A Federal District Court in Michigan has issued the nation’s first ruling on the constitutionality of the ObamaCare health insurance mandate that forces all Americans to be insured by 2014 or face fines and the withholding of income tax refund payments by the IRS.
Naturally U.S. District Judge George Steeh cited the Commerce Clause for the basis of his ruling, which stopped a preliminary injunction against the mandate. He noted in his ruling, “The Supreme Court has consistently rejected claims that individuals who choose not to engage in commerce thereby place themselves beyond the reach of the Commerce Clause.“
Writing at Outside The Beltway, Doug Mataconis explains,
Based on the current state of Commerce Clause jurisprudence, which goes back to a case called Wickard v. Fillburn in which the New Deal era Court held that a farmer growing wheat on his own farm for his own use could still be subject to regulations of the Agricultural Adjustment Act of 1938, this is not at all a surprising decision. In fact, it’s fairly clear that if the mandate is to be declared unconstitutional, it would require a Court to determine that 6o-plus years of Commerce Clause case law was wrongly decided. That isn’t something that Court’s do on a whim, and even a Justice like Antonin Scalia is unlikely to throw out a half century’s worth of case law without a very good reason.
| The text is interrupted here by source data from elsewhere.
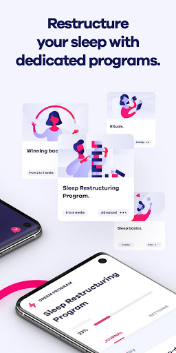• Sleep Restructuring- our most advanced program for people who often find it hard to fall asleep or wake up several times during the night. Through a series of sleep consolidation exercises, and to-do lists, Sleep Restructuring helps you achieve a good “sleep efficiency” ratio between the time spent in bed and time spent asleep.
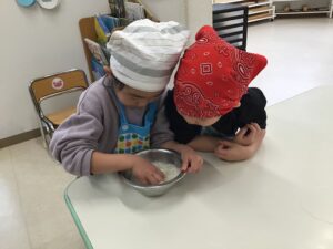 本日、幼児クラスで、米を洗って炊くと言うクッキングを行ないました。
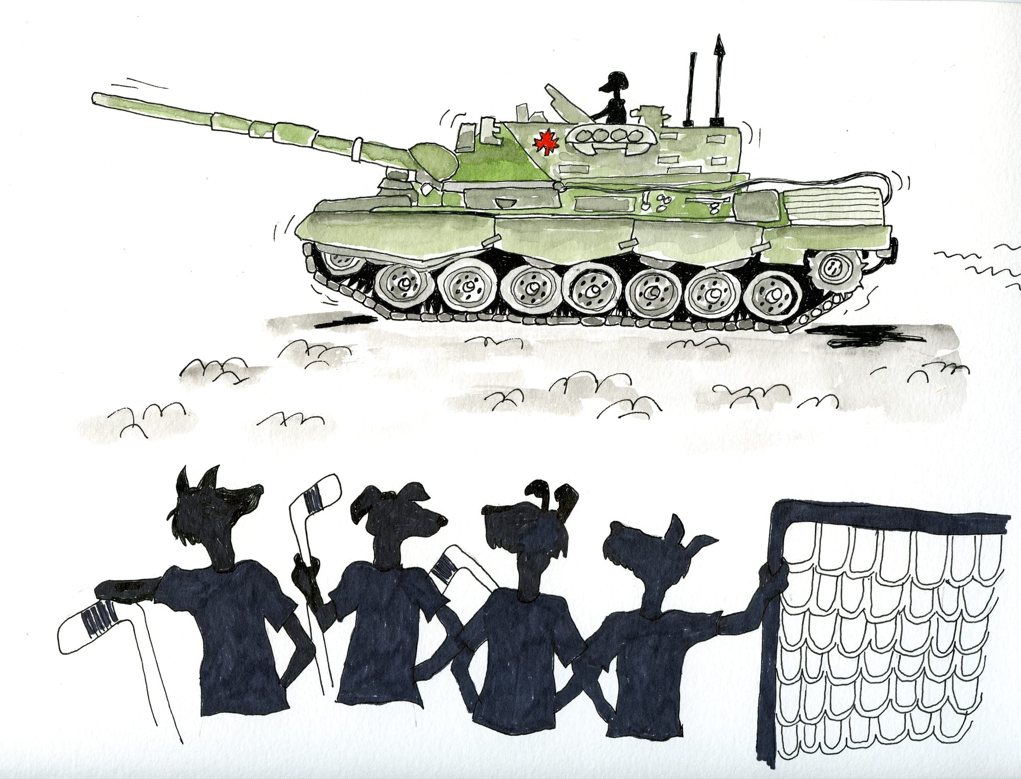 "We had decided to do something uniquely Canadian for our confused but intrigued multi-national spectators. We were going to play ball hockey! Sticks, balls, and even a couple of goalie nets somehow made their way to Camp Butmir, Sarajevo in time for Canada Day and the return to our collective childhoods. We played on with such glee and conviction until, spontaneously and unscripted, someone yelled out, "CAR!" Although no car was seen, we all dutifully trotted off the road. The goalies shouldered their nets and followed suit. A few moments passed as we waited for the imaginary car to pass. Then again that voice: "GAME ON!" and we all trotted back. The goalies set their nets as quickly as they could and the game feverishly resumed on cue. Then we all collapsed in laughter. Our audience however, was even more confused than ever, so that crazy Canuck reputation was firmly intact."
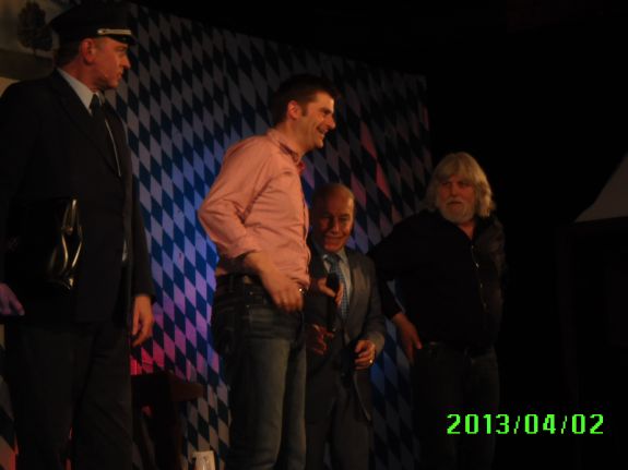 Danach kam Michael Altinger. Spätestens dann tauten auch noch die Letzten auf und amüsierten sich prächtig über Themen wie Supermamis mit ihrem Projekt Kind oder moderne Essgewohnheiten und Ingwerwahn. Sein Kollege Christian Springer alias Fonsi, mit dem er ab sofort den Schlachthof im bayerischen Fernsehen moderieren wird, trat in gewohnt "grantiger" Manier auf. Bis ins kleinste Detail wusste er die Verfehlungen der Menschen zu bereden und kritisieren. Egal ob Papst oder Pferdefleisch, Fonsi konnte zu allem seinen Senf abgeben. Am Ende des Abends ernteten die Künstler versammelt auf der Bühne nochmals einen großen Applaus für ihre aberwitzigen Darbietungen.

Since this is a lower-level Federal Court, Judge Steeh’s decision will not be considered binding precedent. Obviously this case is headed for the appeals courts, and will very likely make its way to the Supreme Court.
(Here in Oklahoma, you must purchase health insurance from a company licensed by the state as an Oklahoma insurance provider. I wonder how “interstate commerce” affects this arrangement? Does this mean that inter-state health insurance sales could now be mandated by the Supreme Court?)